==== Data listing
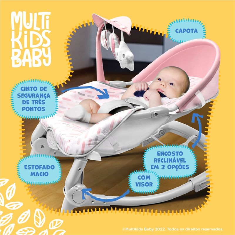 Cadeira de Descanso e Balanço Spice - Multikids BabyA Cadeira de Descanso e Balanço Spice entretém, relaxa e estimula o bebê desde o nascimento até os 18 kg. Ela vibra, tem canções de ninar e brinquedos. Assim, você consegue um tempinho para organizar os cuidados do bebê. Cadeira de Descanso e Balanço Spice: seu bebê feliz, tranquilidade para você• 2 em 1: balanço e descanso;• 3 brinquedos que estimulam o desenvolvimento do bebê;• Estrutura dobrável: ocupa pouco espaço quando fechada;• 10 canções de ninar;• 5 sons da natureza;• Volume ajustável;• 1 intensidade de vibração (para de vibrar após 10 minutos);• Encosto reclinável em 3 posições;• Capota de proteção; • Cinto de segurança de três pontos;• Estofado macio.A felicidade do seu bebê é a sua felicidade!Por isso, veja tudo que a Cadeira Spice oferece:Segurança e confortoA Cadeira de Descanso e Balanço Spice conta com um tecido macio para garantir a tranquilidade e o conforto do seu bebê enquanto ele se diverte. Além de priorizar a segurança com o cinto de 3 pontos e a capota de proteção contra vento e sol.Estímulo, entretenimento e diversãoPara estimular o desenvolvimento do bebê, ela conta com 3 brinquedos e músicas. São 10 canções de ninar, 5 sons da natureza e volume ajustável para cada momento.Distração e relaxamento para seu bebêO momento de relaxar está garantido com uma intensidade de vibração e muita tranquilidade. Possui também 3 regulagens do encosto.Dobrável e portátilFácil de levar e armazenar onde você estiver. Ela é dobrável para se encaixar em qualquer cantinho.Disponível em 2 coresDesign moderno e estampas suaves. A cadeira está disponível em duas cores diferentes. Atenção: informações importantesO que são produtos remanufaturados? São produtos originais de fábrica que podem conter algum tipo de avaria. Os produtos remanufaturados podem não acompanhar os acessórios, mas isso não impacta no funcionamento. Estas avarias são apenas de aparência, que não afetam a funcionalidade e uso. Produto remanufaturado com garantia de 90 dias para vícios ocultos. Não cobrimos eventuais danos estéticos.
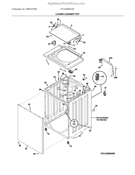 Protective component for laundry center units. Shields internal parts from damage during operation. Replace if cracked, broken, or missing to maintain unit.
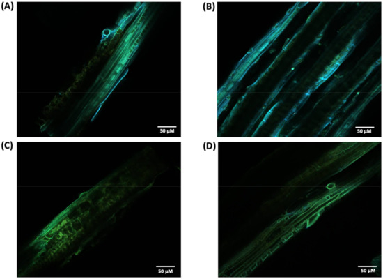 Confocal laser scanning microscopy (CLSM) was applied to analyze lignin distribution with the cell wall before and after enzymatic pretreatment. CLSM allows mapping lignin by measuring its fluorescence emission spectra. The images from CLSM were collected from biomass surface using a Zeiss LSM 780 confocal microscope with a Coherent Chameleon laser (Tisapphire) for a two-photons (2 P) excitation and a Plan-Apochromat objective lens (20×) as described previously [5,30]. In addition, fluorescence measurements were performed for all non-treated and pretreated samples with the same acquisition parameters.
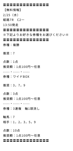 - 有料プランで連続で的中した
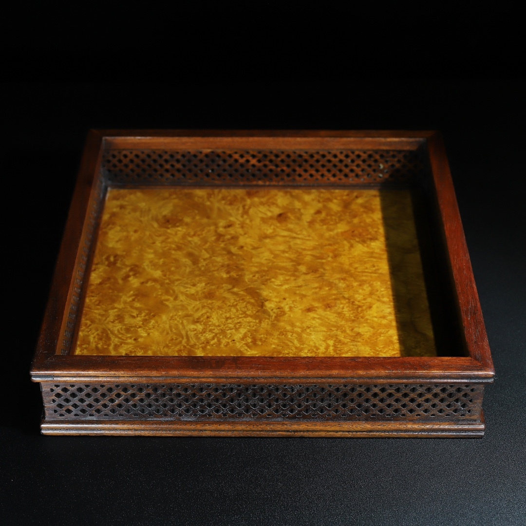早期收集 古花梨木彫 空彫 四方 茶托 茶盤 托盤 收納盤 文案置物 擺件 時代物 骨董品 旧家蔵出し 唐物 中国古玩 古美術品
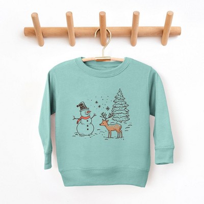 The Juniper Shop Deer Snowman Scene Youth Ultra-Soft Graphic Sweatshirt
========
## Exercise instructions
From the line holding "- 有料プランで連続で的中した" to the final line of the data above, give each line again exactly, both ends included, and drop the pictures.

## Exercise output
 - 有料プランで連続で的中した
早期收集 古花梨木彫 空彫 四方 茶托 茶盤 托盤 收納盤 文案置物 擺件 時代物 骨董品 旧家蔵出し 唐物 中国古玩 古美術品
 The Juniper Shop Deer Snowman Scene Youth Ultra-Soft Graphic Sweatshirt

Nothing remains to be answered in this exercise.